A draft law that would give Armenian police the right to monitor people’s phone conversations, so long as they receive approval from a court, has passed its first hearing in parliament.
The draft bill, passed by parliament on 10 December, must still go through a final second hearing.
Armenia’s police have always had the right to tap phone calls, but only if they received court approval and the go-ahead from the National Security Service (NSS). Under the new law, the police would no longer require permission from the NSS.
The co-authors of the bill, My Step MPs Armen Khachatryan and Sipan Pashinyan, have claimed that the bill will help to increase the effectiveness of police investigations and will help them solve cases more quickly.
In addition to the NSS and the police, the only other body that is permitted to legally monitor phone calls are prison administrations, and only within their own walls.
The draft bill would create a unit within the police to carry out phone surveillance. This department would also oversee internet surveillance.
Too much power?
The draft bill has been widely debated online with experts and MPs chiming in on its appropriateness.
On 12 December a discussion was held surrounding the nature of the bill at the Hodvac 3 press club with MPs Armen Khachatryan and Sipan Pashinyan, as well as the head of local rights group the Helsinki Citizens’ Assembly Vanadzor Office, Artur Sakunts, and ethnographer Hranush Kharatyan.
During the discussion, Khachatryan claimed the bill would lighten the workload of the NSS and allow them to allocate their resources on more useful and productive issues.
Khachatryan added that ‘80% of crimes’ were solved by the police, rather than the NSS, anyway.
‘The police require telephone surveillance the most, however, they are dependent on the NSS’, he said. ‘We are trying to give the police their own tools to productively carry out its investigations.’
When asked if the police can now secretly listen in on the NSS without its permission, Sipan Pashinyan stated that the aim of the bill was not for one state body to eavesdrop on another, but rather concerns individuals that have committed large and serious crimes.
‘The question should be, “can the police or NSS officers be investigated for such crimes?”’ Pashinyan asked, before answering his own question in the affirmative.
Hranush Kharatyan expressed disapproval of the draft bill.
‘What concerns me about this bill is that I believe the NSS is not supervised by the state anymore. It has become a separate body’, she said. ‘The state needs an inspection body that it trusts.
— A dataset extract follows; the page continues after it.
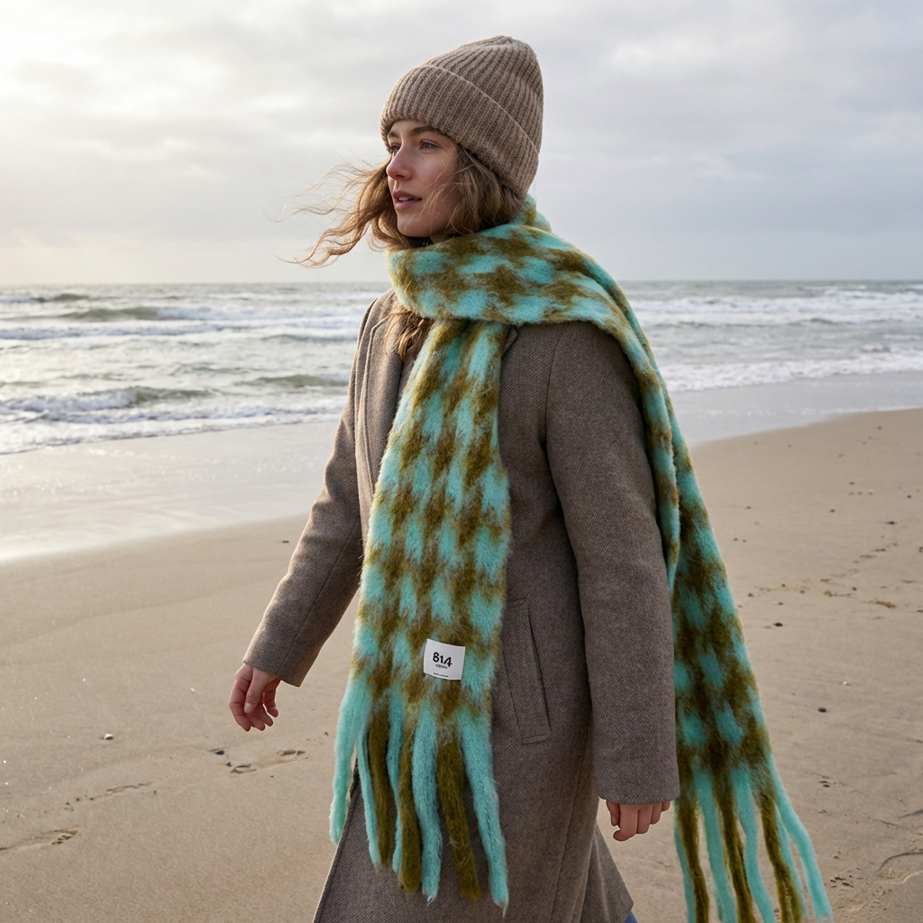 Acabada la temporada de invierno, solo tienes que peinar la bufanda con un cepillo de púa dura en la dirección del pelo para mantener su aspecto suave y esponjoso.

Maybe, only in this case, I would tolerate allowing the police to undertake telephone surveillance.’
The two MPs claimed that the government was trying to carry out systemic changes and that this draft bill was just a small part of those changes, more of a ‘technical change.’
After the discussion, Sakunts and Kharatyan gave an interview to CivilNet in which they continued to criticise the draft bill. Sakunts claimed that the state was arming an institution that still needs systemic reforms, and as such, the bill was risky.
‘It’s like a nuclear weapon in the hands of North Korea compared to it being in the hands of France. The latter has the proper legal tools to regulate and supervise that weapon, whereas the former [does not].’ Sakunts said.
Kharatyan raised concerns that there were no laws in place ensuring that telephone surveillance would not be abused by the police.
Both agreed that there needed to be wide-ranging and systemic reform of the police before they were given easy access to telephone surveillance.
The draft bill will go before parliament for its second hearing early next year.